A lot of people are putting in consistent cardio sessions and getting frustrated when nothing seems to change. The problem usually isn't effort — it's heart rate zone. Where your heart rate lands during a workout determines which fuel source your body is actually pulling from, and if fat loss is the goal, that distinction matters a lot more than how hard you're working.
The formula is simple: 220 minus your age gives you an estimated max heart rate. Take 65% of that number for your lower bound and 75% for your upper bound — that range is your optimal fat-burning zone. For a 47-year-old, for example, that works out to roughly 110–130 beats per minute. It's not a magic window, but it is where your body most reliably uses stored fat as its primary fuel.
Not exactly — but it does shift which fuel your body reaches for first. Your body uses three different energy systems, each with a primary fuel source. The low-intensity zone (Zone 2) draws mainly from fat. The middle zone — where most strength training lives — pulls primarily from carbohydrates. The high-intensity sprint zone burns big chunks of calories fast and encourages muscle building. All three have a role. The point is just making sure fat-burning effort is the biggest piece of the pie when that's the goal.

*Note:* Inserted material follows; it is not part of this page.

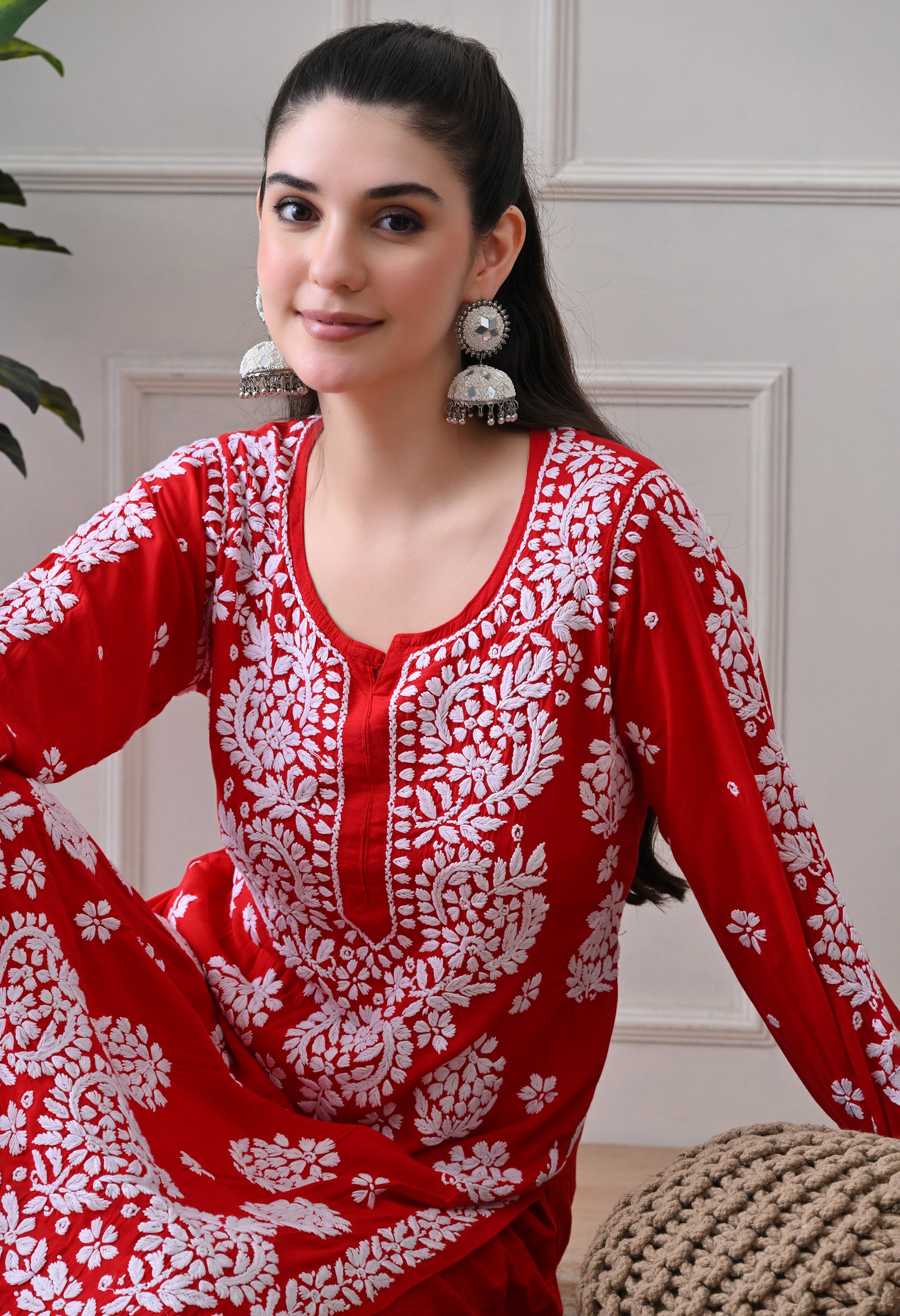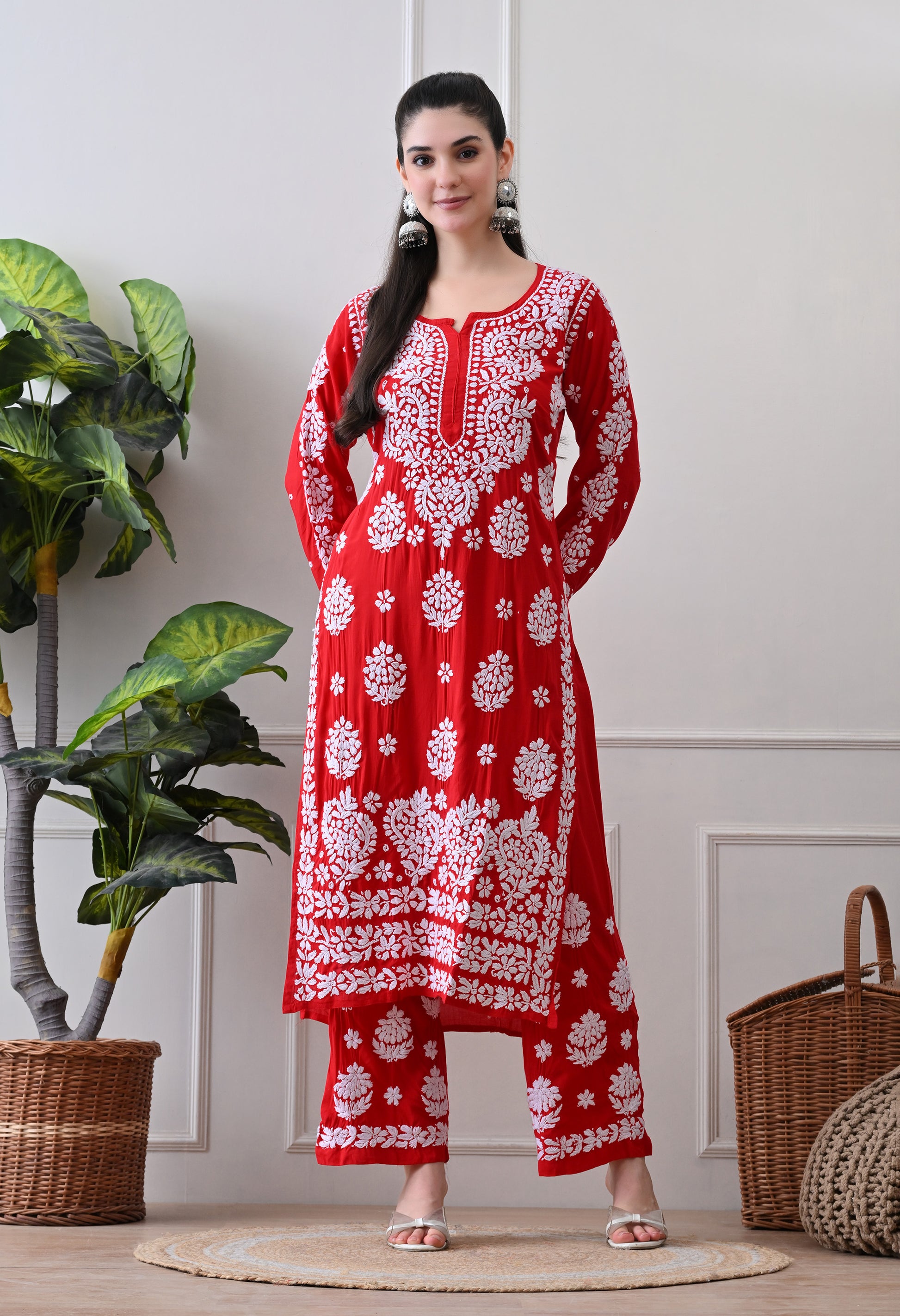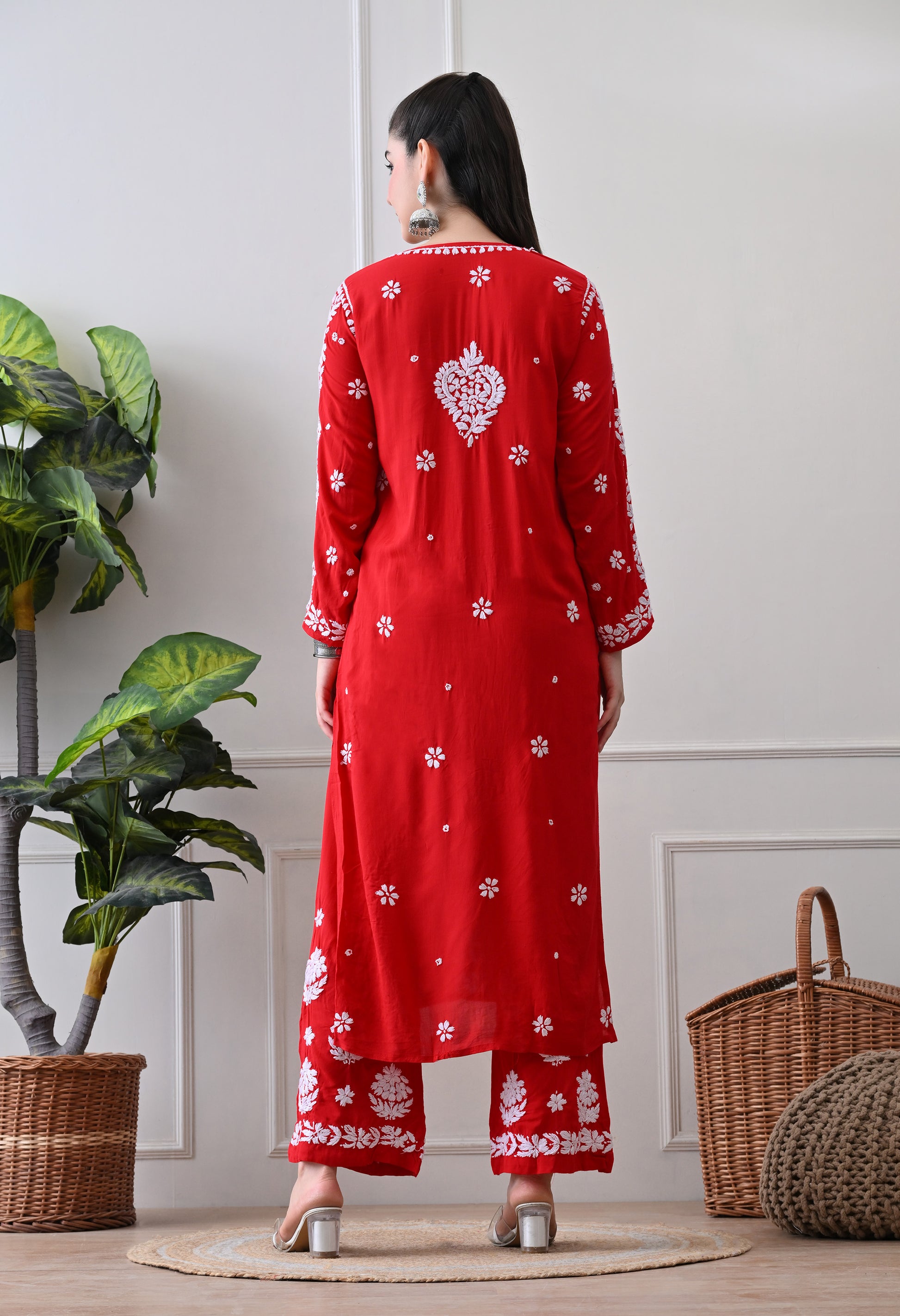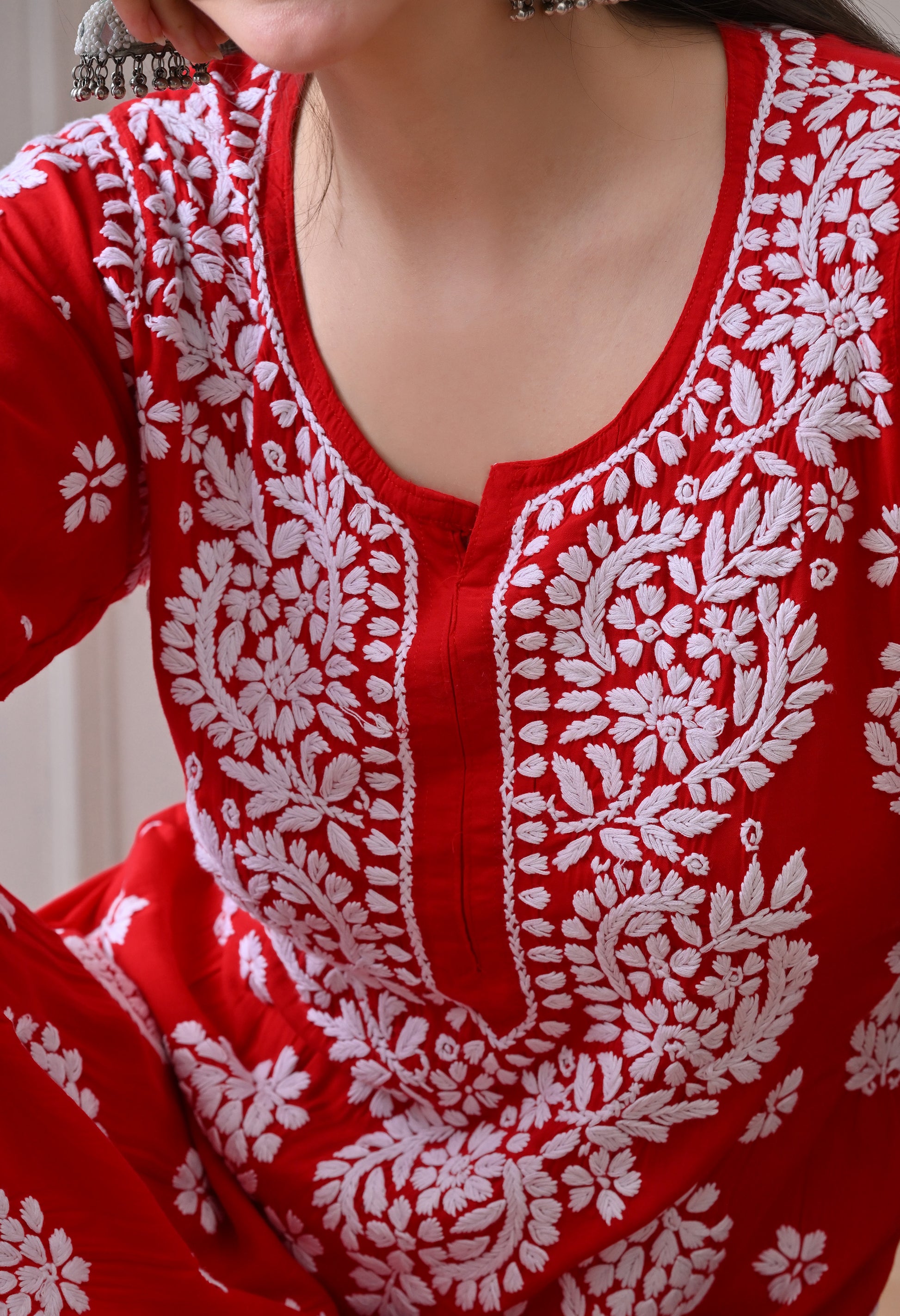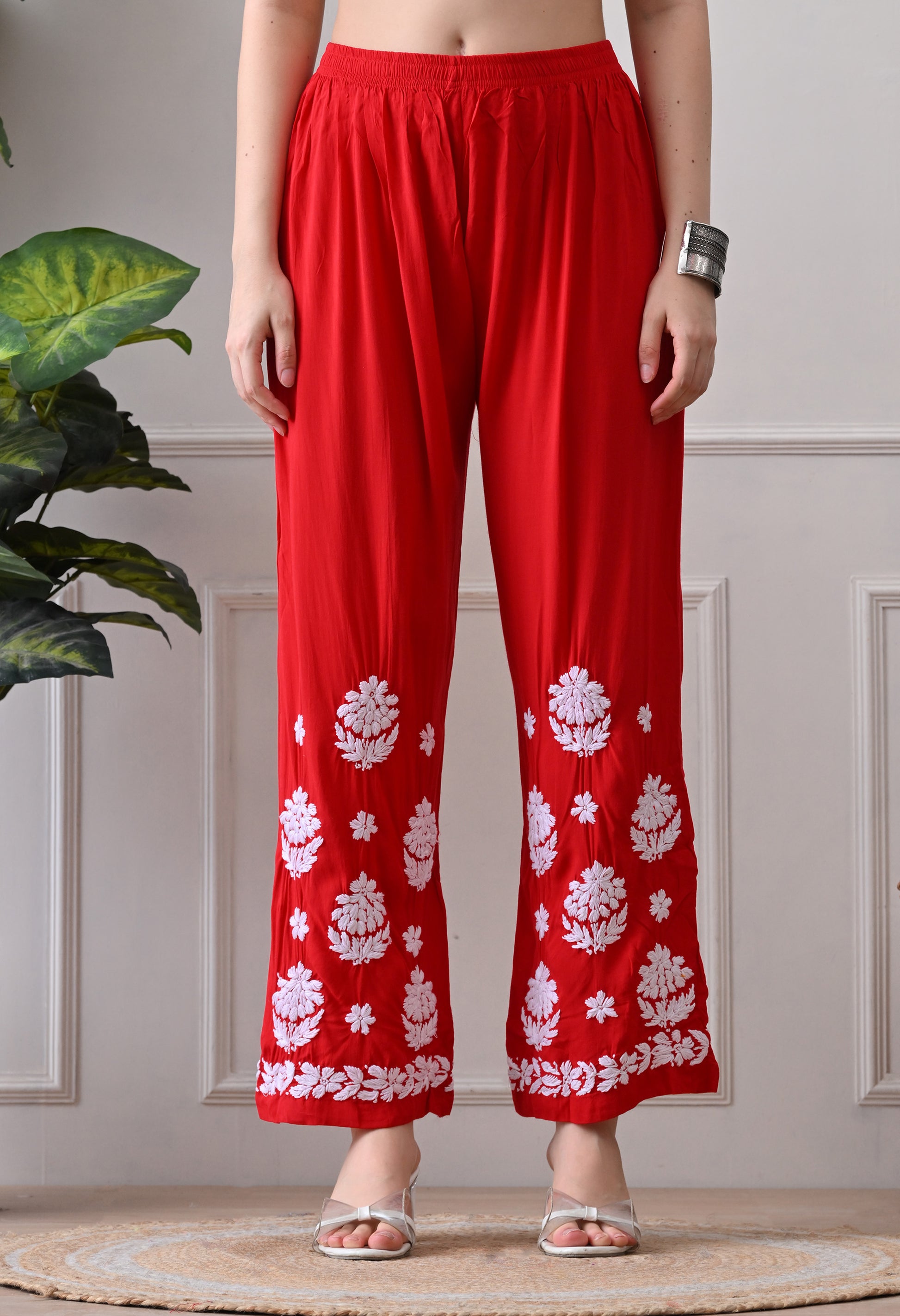 Hand Embroidered Chikankari Modal Plazo Set with 3D Floral Work Red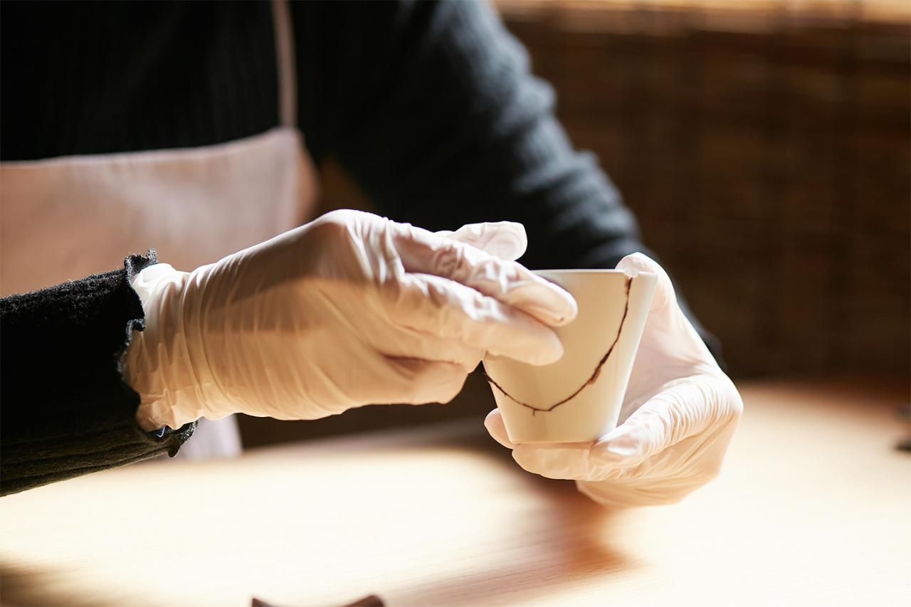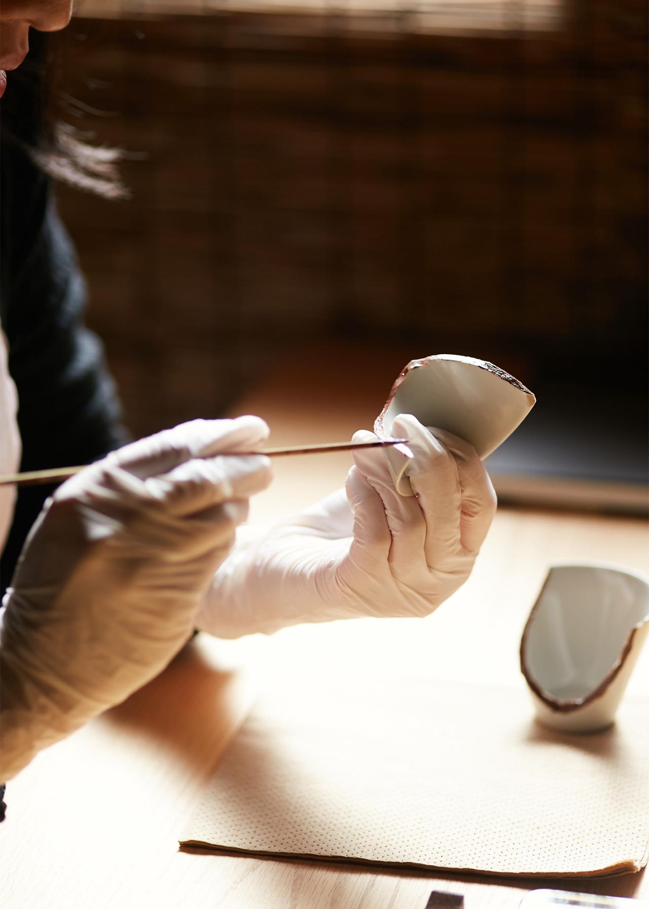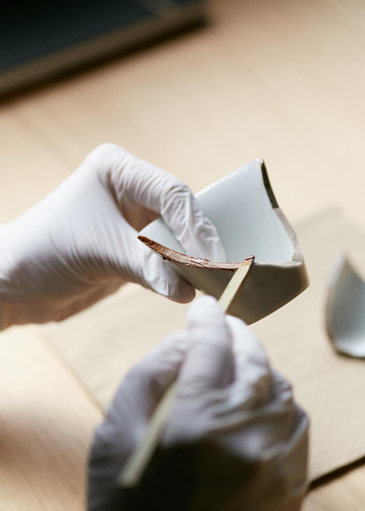 続いて生漆(きうるし)をテレピン油で希釈したものを、欠片の断面、ヒビ、かけている部分に塗っていく。漆は肌につくとかぶれてしまう恐れがあるため、ここからの作業は手袋が必須。内側から外側の順番で作業すると、余計なとこに漆がつきにくくキレイに塗れる。

Most people equate harder with better. If you're averaging 140 BPM during cardio and your fat-burning zone is 110–130, your body is working in that middle energy system — which isn't bad, but it isn't optimizing for fat loss either. Ironically, slowing down a little can actually produce better fat loss results. It'll feel easier, you might see slightly fewer total calories burned, but more of those calories will be coming from fat. That's the trade-off worth making.
Zone 2 is a sustained, lower-intensity effort where you can still hold a conversation but you're clearly working. Think of it as a brisk walk, a moderate Peloton ride, or a light jog — something you can maintain for 30–45 minutes without redlining. Weighted vest walks became popular for exactly this reason: they bump heart rate into Zone 2, are easy on the joints, and require zero equipment beyond the vest itself. For women over 50 especially, they're a standout option — low impact on the knees and hips, no running required, and they reliably hit the fat-burning zone without redlining. If you have a smartwatch linked to your cardio equipment, you already have everything you need to track this.
Yes — just not exclusively. Interval training and higher-intensity bursts are great for building muscle and burning large amounts of calories in a short window. The goal is a smart mix: Zone 2 for the fat-burning base, resistance training in that middle energy system, and occasional higher-intensity work sprinkled in. That combination develops all three energy systems and gives your body every reason to adapt and change. Think of Zone 2 as the foundation, not the whole house.
If you've got a solid cardio habit in place, don't tear it down. The goal is a small refinement — dialing your target heart rate down into the 110–130 range if you've been consistently running higher. Most Peloton sessions have heart rate color-coding built in. Aim to spend the bulk of your ride in that lighter green or yellow zone rather than pushing into the orange. It'll feel less intense, and that's the point. Stick with what's working; just adjust where you're working within it.
Your cardio isn't the problem — your zone might be. Calculate your personal fat-burning range using the 220-minus-age formula, aim to spend the majority of your cardio time there, and stop assuming harder always means better. Zone 2 is steady, sustainable, and one of the most reliable tools for long-term fat loss and heart health. Give it a few weeks and see what happens.